According to arrest affidavits and police records, Blackmore conspired with others to distribute counterfeit OxyContin pills laced with fentanyl from Blackmore’s residential property at 510 E. Arbecam Ave. in Cortez.

A search warrant executed on the home Oct. 28 revealed 748 counterfeit OxyContin fentanyl pills, 45.3 grams of meth, drug paraphernalia, a stolen handgun and blasting caps. The total estimated street value of the illegal narcotics was estimated to be between $15,000 and $23,000.

The affidavit notes the home was 326 feet from the Kemper Elementary School.

On Nov. 4, Blackmore was arrested by the Phoenix Police Department with 1,000 fentanyl pills in his possession, according to police reports.

Montezuma County Sheriff Detective Victor Galarza, of the Montezuma-Cortez Narcotics Investigation Team, told The Journal he believed Blackmore intended to bring the pills to Montezuma County, and was leading a drug trafficking operation out of Cortez supplied by the Mexican cartels.

The U.S. Drug Enforcement Administration took over the investigation on Nov. 5. Blackmore was extradited to Montezuma County Detention Center.

When arrested in Phoenix, Blackmore was on probation and bond for a related distribution case handled by the Mancos Marshal’s Office. Investigators found more than 140 fentanyl pills, Galarza said.

“I want to emphasize to the public that the Montezuma-Cortez Narcotics Team is increasing its efforts to go after individuals distributing narcotics in order to combat this dangerous problem,” Galarza said Monday in response to the conviction and sentence.

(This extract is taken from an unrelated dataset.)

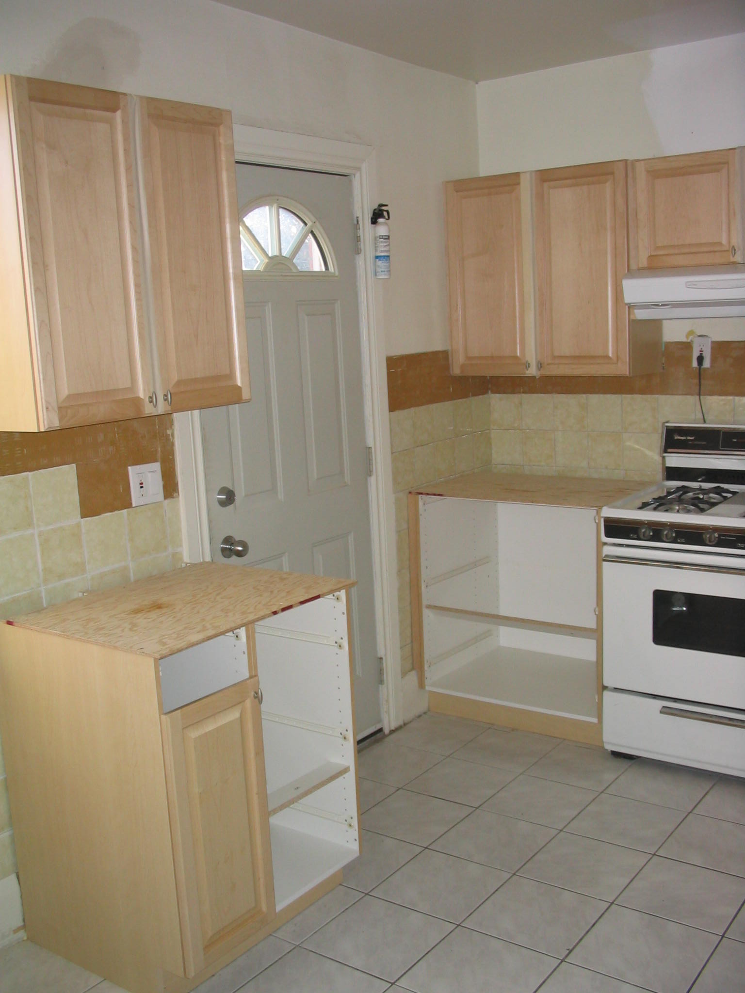 In preparation for the installation of the real countertop, we empty out all of the bottom cabinets.

Fentanyl is a synthetic opioid that is 80 to 100 times stronger than morphine. It was originally manufactured by the pharmaceutical industry for pain management of cancer patients. Because of its potency and addictiveness, it is easy to abuse and has been illegally produced to sell in the drug trade.

The DEA and U.S. Department of Health have issued public warnings about fentanyl because of the risk of fatal overdoses. Fentanyl often is disguised in the illegal drug trade as other less potent pharmaceutical products such as OxyContin, Xanax and Percocet pills.

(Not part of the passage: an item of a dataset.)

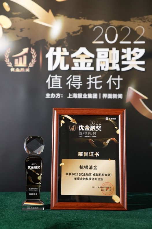 杭银消费金融凭借2022年在金融科技领域的突出表现,获评“优金融奖•卓越机构大奖”之“年度金融科技创新企业。
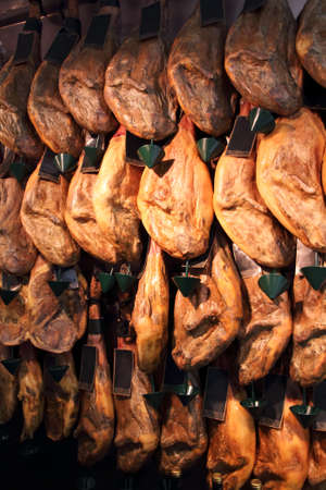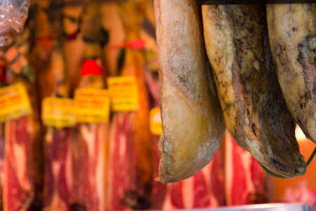 Spanish Jamon Serrano ham for sale, Barcelona, Catalonia, Spain

According to the DEA, fentanyl and other synthetic opioids are among the deadliest drug threats in the U.S.

The Centers for Disease Control and Prevention reports that 107,622 Americans died of drug overdoses in 2021 and 66% of them were related to synthetic opioids such as fentanyl. Only 2 milligrams of fentanyl is considered a potentially lethal dose, and it’s particularly dangerous for someone who does not have a tolerance to opioids.

A combination of fentanyl and alcohol led to the fatal overdoses of three people March 4 at the Sand Canyon National 9 Inn in Cortez.